# Is the new 824 too fast?



## Jimmy2020 (Oct 17, 2020)

First time snow blower buyer (any day now I can sense it!)... Some reviews online say the 824, even in 1st "gear" moves really quick. Does anyone have any info on that? I don't want to chase the machine down the driveway, I like a nice leisurely stroll. As well, is it normal that the wheels don't spin easily to move the machine around the garage without running it?
Thanks all


----------



## Zavie (Sep 23, 2014)

Yes some of the reviews on the 824 do say that first speed selection is a bit brisk. I have a new Toro 826 OHAE here's what I noticed. When I got mine home my 1st gear (not a gear) was slightly quick but not as fast as I was expecting. Adjusting it is very easy, and I adjusted mine in a few minutes. So I'd try yours first and if you need to know how to adjust it I can help.


----------



## jerryvvv (Apr 23, 2020)

if its too fast you can adjust the drive mechanism to slow it down,

and yes its normal to have difficulty pushing around a big machine like that when not running, unless you are hulk hogan of the 80's


----------



## Jimmy2020 (Oct 17, 2020)

LOL
I'm more Cindy Lauper then Hulk Hogan of the 80s.

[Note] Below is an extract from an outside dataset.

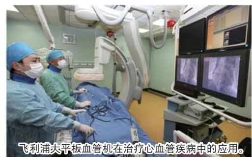
飞利浦大平板血管机在治疗心血管疾病中的应用。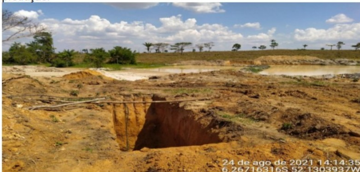
Poço de captação de água destinada a todos os fins: beber, cozinhar, lavar, e outros.

É importante salientar que a água consumida pelos empregados apresentava coloração turva e odor fétido, sendo sua coleta feita em poço que não mantinha proteção contra o carreamento de águas das chuvas, em ambiente com a presença de rejeito da atividade de mineração e circulação de gado bovino, potencializando a possibilidade de contaminação pelos dejetos que espalham nos arredores da área de produção.

I gotta ask. The Toro 824 single stage and two stage are about the same price at HD right now. In my neck of the woods of Ontario we don't usually get more then 6inch of snow per storm, although it does happen. Can you see any reason why to go for the single stage (except for maybe it's light weight and maneuvability?)
The 724 is about $200 cdn cheaper as well...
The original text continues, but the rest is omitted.